Show HN: LLaVaVision: An AI "Be My Eyes"-like web app with a llama.cpp backend

devinprater · on Nov 6, 2023

A "Be My Eyes web app"? Well whatever. I guess Be My Eyes is just gonna be known for its Be My AI anyway. As soon as Llava is able to read text, this is gonna be pretty nice. I just wish it wasn't basically using Be My Eyes as a name to jump off of. This kind of local tech will be pretty amazing once it's fast enough to help with video games, or inaccessible apps. Add the ability for the AI to move the mouse in some of the GUI controller AI packages, and I could just say "click the next button and tell me what's on the screen afterwards" kind of thing.

enoch2090 · on Nov 6, 2023

This is cool! One thing that can be easily improved is that the narrator is still trying to describe everything, while people using Be My Eyes they usually got specific purposes (or "attention"). Would be nice to also implement whisper.cpp and use query inputs with some CoT or prompting to refine the description.

lxe · on Nov 6, 2023

This is an awesome idea! Yeah refining and asking more questions about the image could make it viable. The BakLlava model is pretty impressive, but I do need to tune the prompts and the hyperparams as well. Or even do a small finetune. It’s a fun space to dive into.

umtksa · on Nov 6, 2023

awesome, love the idea and maybe putting a default prompt like:

"this images comes from the persons POV that ask you questions"

instead of "a person holding something" "you are holding xyz" wold be better

yousnail · on Nov 6, 2023

This called my garage ‘fairly run-down’. Needs tuning.

darylteo · on Nov 6, 2023

The model or the garage?

lxe · on Nov 6, 2023

I noticed that it "hallucinates" in the most direct sense of the word as the description goes on.

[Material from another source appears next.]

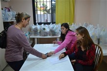 Offer a Food pack, and/or a Hygiene pack, and/or a Bread pack.

ggerganov · on Nov 6, 2023

I've found lowering the temperature and disabling the repetition penalty can help [0]. My explanation is that the repetition penalty penalizes the end of sentences and sort of forces the generation to go on instead of stopping.

[0] https://old.reddit.com/r/LocalLLaMA/comments/17e855d/llamacp...

DANmode · on Nov 6, 2023

Human perception of how weathered or safe their surroundings are seems to vary extraordinarily.

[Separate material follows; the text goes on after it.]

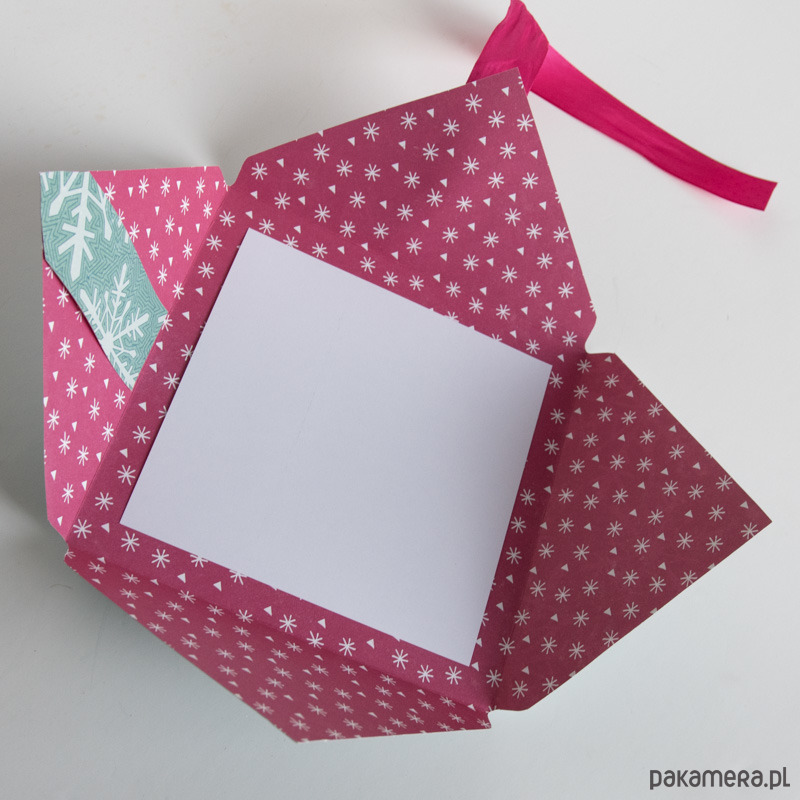 Koperta po złożeniu ma wymiary ok. 17,5x17,5cm, więc jest sporo większa niż standardowe kartki z życzeniami.

Posting a (cropped?) picture would make this comment way more interesting.

tsunamifury · on Nov 6, 2023

Or…

ReD_CoDE · on Nov 7, 2023

Is there any solution that just identifies the object as accurate as possible? For instance when it sees a t-shirt, can be identify the exact brand and model?

lxe · on Nov 7, 2023

Yes, GPT Vision / ChatGPT is very accurate. CogVLM is also very powerful as a self-hosted solution.

FrenchDevRemote · on Nov 6, 2023

Do you know how the model accuracy compares to GPT-4 vision?

lxe · on Nov 6, 2023

Let me see if I can find existing benchmark results. My gut feeling is that GPT4 is better overall... But BakLLaVA model is just incredibly small for how powerful it is.

thih9 · on Nov 6, 2023

Impressive!

Is the chatgpt transcript from the free chatgpt version (3.5) or the paid one (v4)?

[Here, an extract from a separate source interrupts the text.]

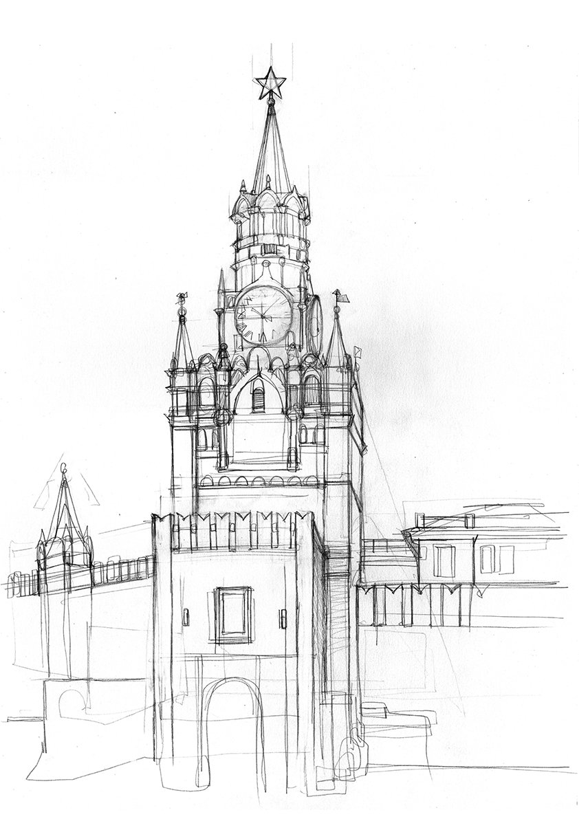 ![Кремль Московский набросок]()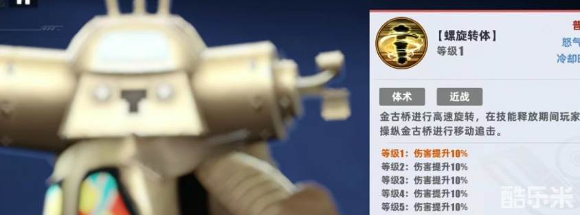 第1个角色技能螺旋转体,金古桥进行高速旋转,在技能释放期间可以自由进行操作,包括进行移动追击等,该技能伤害比较高,而且使用起来简单,对方近身之后就可以直接发动,但没有其他附加效果,冷却时间10秒钟。第2个技能金古桥飞扑,向前方进行突击,命中敌人后追加高空扑压。该技能就有一定的位移效果,而且伤害也比较突出,最重要的是可以和很多连招搭配起来使用。例如12技能组成小连招,就可以给对方造成很大的伤害。

leodriesch · on Nov 6, 2023

The purple icon in the shared transcript indicates GPT-4.

birdyrooster · on Nov 6, 2023

Watching the chat gpt workflow is cool because it captures your intent along with the code change without need for a commit comment

lxe · on Nov 6, 2023

It’s been nothing short of “Jarvis”. You do have to ask things correctly to get correct answers, but it accelerates pretty much everything I do on a computer by a factor of 100.

anon23432343 · on Nov 6, 2023

Wait an actual cool peace tech on the HN front page?

What happened here 0_0

Cool peace of tech!! keep on doing great work.